--- Data to use ---

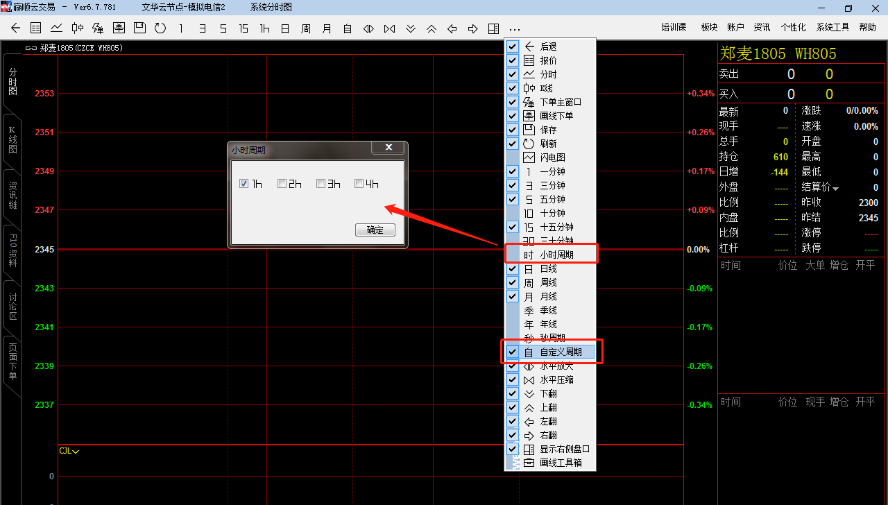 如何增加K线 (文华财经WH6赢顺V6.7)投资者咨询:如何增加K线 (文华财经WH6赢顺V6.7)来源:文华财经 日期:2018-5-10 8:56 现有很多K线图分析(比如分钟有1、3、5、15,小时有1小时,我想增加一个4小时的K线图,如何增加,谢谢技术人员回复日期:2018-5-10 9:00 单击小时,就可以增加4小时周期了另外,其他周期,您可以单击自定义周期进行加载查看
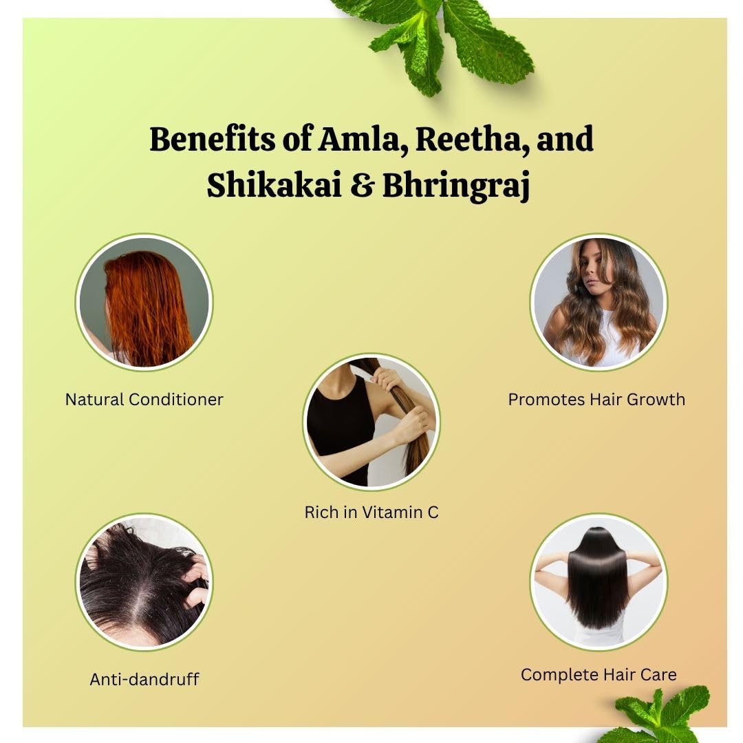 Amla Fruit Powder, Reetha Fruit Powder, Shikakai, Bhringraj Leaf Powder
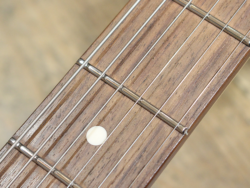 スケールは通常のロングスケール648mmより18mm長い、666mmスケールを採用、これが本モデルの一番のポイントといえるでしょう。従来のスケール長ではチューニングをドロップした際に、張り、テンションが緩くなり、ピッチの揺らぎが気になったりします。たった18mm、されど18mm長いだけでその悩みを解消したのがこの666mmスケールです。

---
--- Data to use ---

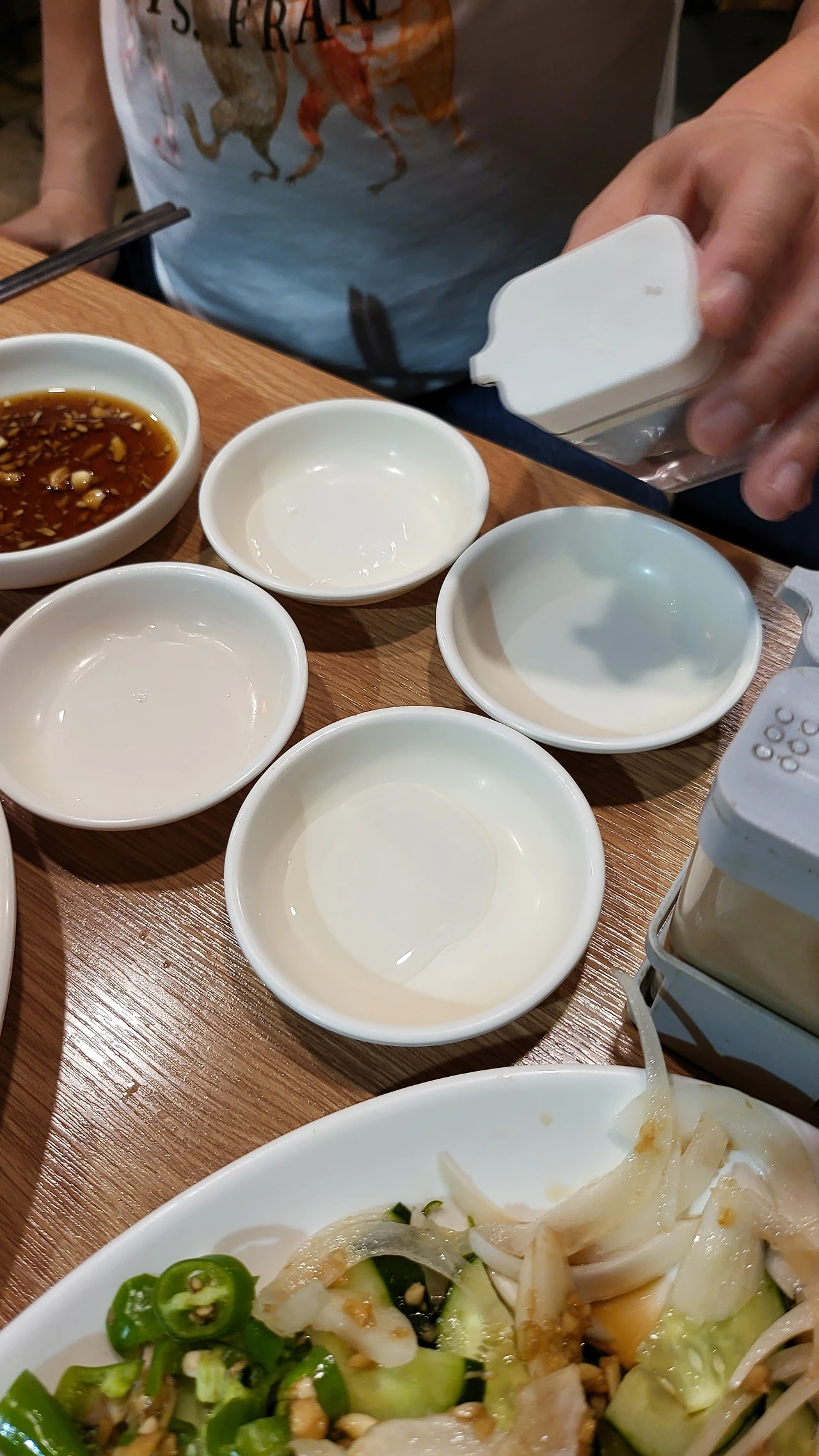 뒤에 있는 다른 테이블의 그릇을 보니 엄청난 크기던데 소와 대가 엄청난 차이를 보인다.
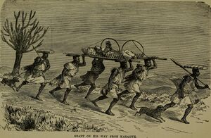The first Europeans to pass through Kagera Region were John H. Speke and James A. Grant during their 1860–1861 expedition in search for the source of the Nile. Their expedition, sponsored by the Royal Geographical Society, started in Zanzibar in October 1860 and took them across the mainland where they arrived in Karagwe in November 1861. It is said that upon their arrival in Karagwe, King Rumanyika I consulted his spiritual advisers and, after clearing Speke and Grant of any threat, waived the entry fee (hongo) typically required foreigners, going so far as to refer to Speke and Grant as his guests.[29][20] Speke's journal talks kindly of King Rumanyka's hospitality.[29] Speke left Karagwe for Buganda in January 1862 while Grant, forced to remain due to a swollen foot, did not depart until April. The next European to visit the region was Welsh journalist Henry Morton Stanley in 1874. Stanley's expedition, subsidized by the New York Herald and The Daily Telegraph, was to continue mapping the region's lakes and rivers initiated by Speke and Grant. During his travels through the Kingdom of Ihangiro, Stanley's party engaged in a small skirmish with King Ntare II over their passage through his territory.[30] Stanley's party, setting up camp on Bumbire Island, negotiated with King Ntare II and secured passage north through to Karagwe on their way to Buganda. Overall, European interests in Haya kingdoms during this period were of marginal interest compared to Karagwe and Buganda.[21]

---
--- Data to use ---

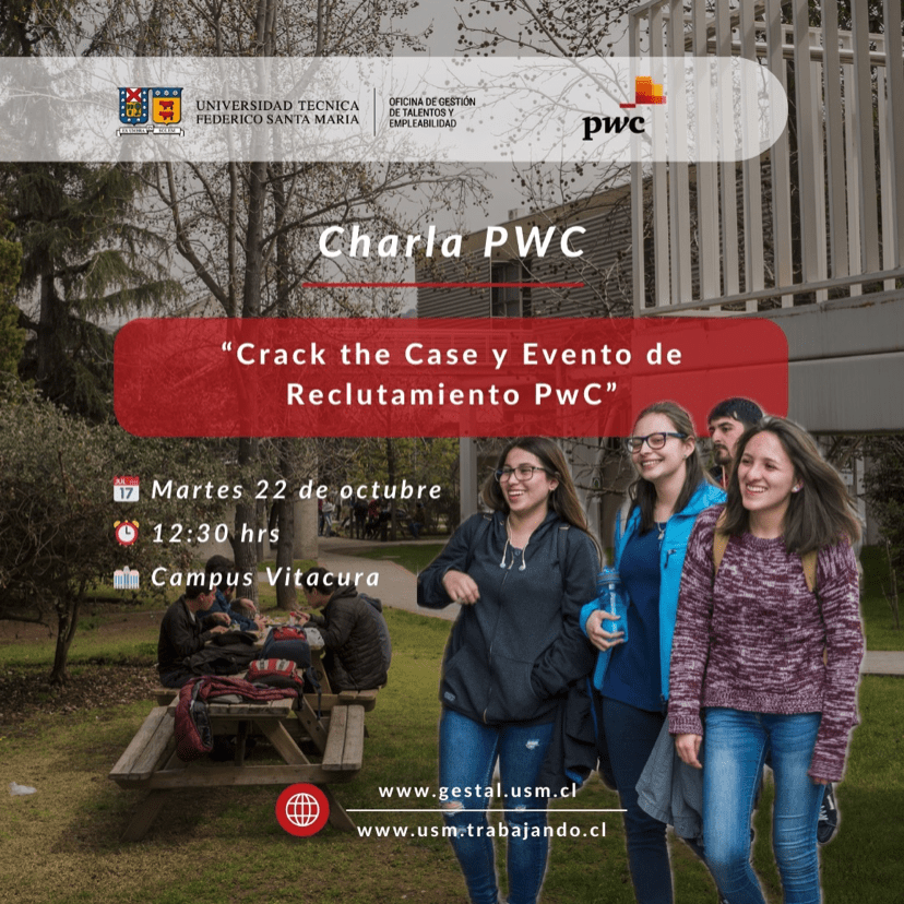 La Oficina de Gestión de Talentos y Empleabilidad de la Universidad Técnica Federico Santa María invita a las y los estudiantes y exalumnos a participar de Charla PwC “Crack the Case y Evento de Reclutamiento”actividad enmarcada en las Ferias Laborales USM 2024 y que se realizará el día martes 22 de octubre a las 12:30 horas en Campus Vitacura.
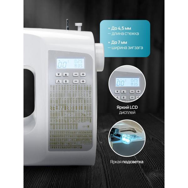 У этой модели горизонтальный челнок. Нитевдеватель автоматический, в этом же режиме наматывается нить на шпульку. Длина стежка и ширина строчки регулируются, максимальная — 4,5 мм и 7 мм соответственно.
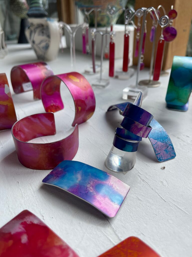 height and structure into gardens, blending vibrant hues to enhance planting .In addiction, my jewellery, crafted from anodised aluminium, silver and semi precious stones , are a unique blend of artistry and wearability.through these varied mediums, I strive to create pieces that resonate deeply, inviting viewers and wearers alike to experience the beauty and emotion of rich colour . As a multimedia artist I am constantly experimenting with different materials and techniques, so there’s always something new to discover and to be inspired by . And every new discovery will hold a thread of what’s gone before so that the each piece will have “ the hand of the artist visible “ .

---

What the task requires — Lines wanted from the entries above: the one with "Amla Fruit Powder, Reetha", the one with "スケールは通常のロングスケー", and all lines between. Please copy them exactly, without the pictures and without anything else.

Exercise response —
 Amla Fruit Powder, Reetha Fruit Powder, Shikakai, Bhringraj Leaf Powder
 スケールは通常のロングスケール648mmより18mm長い、666mmスケールを採用、これが本モデルの一番のポイントといえるでしょう。従来のスケール長ではチューニングをドロップした際に、張り、テンションが緩くなり、ピッチの揺らぎが気になったりします。たった18mm、されど18mm長いだけでその悩みを解消したのがこの666mmスケールです。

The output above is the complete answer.